In Match Day, Brian Eule follows three women from the anxious months before the match through the completion of their first year of internship. Each woman makes mistakes, saves lives, and witnesses death; each must keep or jettison the man in her life; each comes to learn what it means to heal, to comfort, to lose, and to grieve, while maintaining a professional demeanor.

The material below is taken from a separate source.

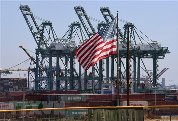 Hàng hóa Trung Quốc chờ bốc dỡ tại cảng Long Beach ở Los Angeles, bang California, Mỹ. (Nguồn: AFP/TTXVN)

Just as One L became the essential book about the education of young attorneys, so Match Day will be for every medical student, doctor, and reader interested in medicine: a guide to what to expect, and a dramatic recollection of a pressured, perilous, challenging, and rewarding time of life.
PUBLISHERS WEEKLY
These are not the telegenic, slickly scrubbed docs of Grey's Anatomy. But Eule's account of three female interns offers a far more compelling portrait of the unique transition from tentative student to skilled M.D. The transformation begins on the third Thursday of March 2006 for Stephanie Chao, Michele LaFonda and Rakhi Barkowski with the computerized program that matches newly minted doctors with teaching hospitals, fascinating in itself, and then long hours, perplexing cases and demanding senior residents and attending physicians who mold the young doctors into confident and compassionate practitioners. What's remarkable about the account is Eule's perspective as Stephanie's longtime boyfriend and a clear-eyed journalist. Each of the women explores her passion for medicine and discovers its place in the life she hopes to live. But the lessons the women learn from their patients are striking: "The people in the end who were comfortable with death, the ones who were ready to go, were the people who talked about a good family life." This is a traditional medical coming-of-age that pleasantly surprises with its reach far beyond the hospital walls.